When it comes to the global league table of spending on armed forces, Britain comes sixth, according to the 2020 edition of ‘The military balance’ published by the International Institute of Strategic Studies (using average market exchange rates).1 The IISS data shows that in 2019 the US, China, Saudi Arabia, Russia and India retained their respective positions as the world’s top defence spenders. Emphasising the continuing US hegemony, in that year its spending on defence grew by 6.6%, widening the gap between it and China.

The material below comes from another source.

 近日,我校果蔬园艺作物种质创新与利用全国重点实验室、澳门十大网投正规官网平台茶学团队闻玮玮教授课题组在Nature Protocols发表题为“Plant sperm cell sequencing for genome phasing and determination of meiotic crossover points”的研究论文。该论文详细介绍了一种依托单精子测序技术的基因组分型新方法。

When it comes to defence spending as a percentage of overall GDP, the winner is Saudi Arabia on 8.0% and then Israel on 5.3% - though in the case of Saudi Arabia it is far more about buying protection from other countries like America or Britain.2 They are followed by Russia (3.9%), US (3.4%), South Korea (2.7%), India (2.4%) - with China, France and Australia all level on 1.9%. Using figures from the Stockholm International Peace Research Institute, the UK is currently on 1.7%, but that is projected to rise to about 2.2% with Boris Johnson’s new spending. None of this takes into account potential record-breakers, like North Korea, Syria, Yemen and Libya, for which there is no reliable data.

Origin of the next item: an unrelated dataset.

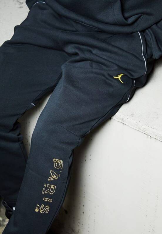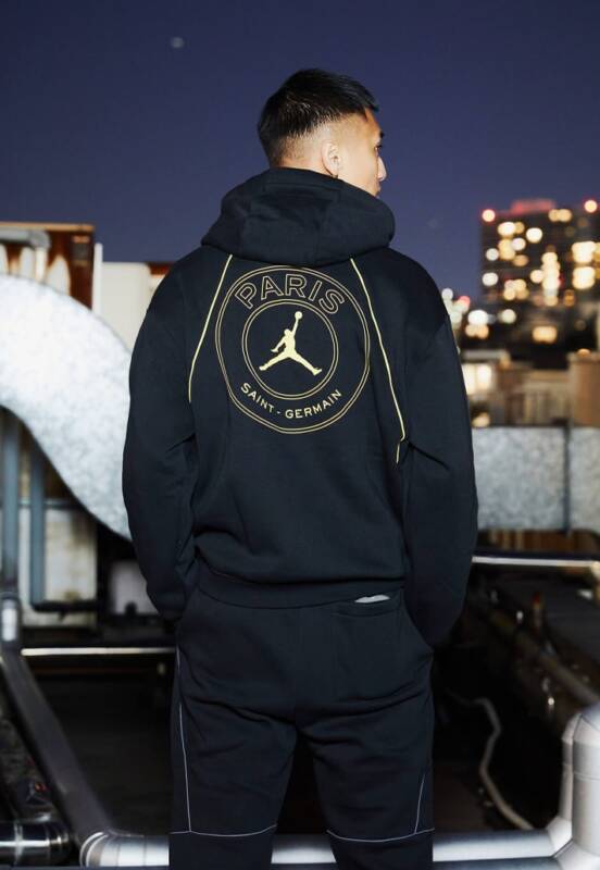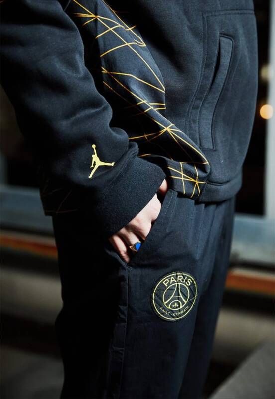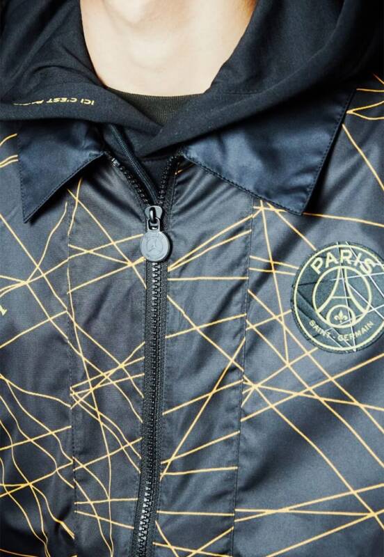 Esta nova coleção de roupas é composta por uma jaqueta, calça de corrida, moletons e camisetas que chegam em uma combinação de tons de preto, dourado e amarelo. O preto é a cor base da maioria das peças, com um padrão geométrico de linhas douradas sobrepondo certos itens, como uma jaqueta com zíper e um moletom, e se estivéssemos apostando nas pessoas, apostaríamos nosso último dólar nesse visual estará em uso para o quarto kit 22/23 da marca Jordan do PSG.

No10 has insisted that the extra cash for the armed forces is not an attempt to impress Joe Biden, as he readies to begin his presidency. But there can be little doubt that the Biden administration will be committed to the preservation of Nato, and the European Union too - not something you could say about Donald Trump, who seemed quite willing to abandon Nato and aimed to break up the EU. Indeed everything indicates that Boris Johnson was banking his strategy, insofar as he has one, on a second-term Trump presidency - meaning his upgrading of the armed forces was originally designed to impress Donald Trump. Britain playing Sparta to the new Rome made a certain sense, but a Britain adrift from the EU boasting about having the biggest navy in Europe is just plain ridiculous. Now he has a lot of making up to do with president Biden.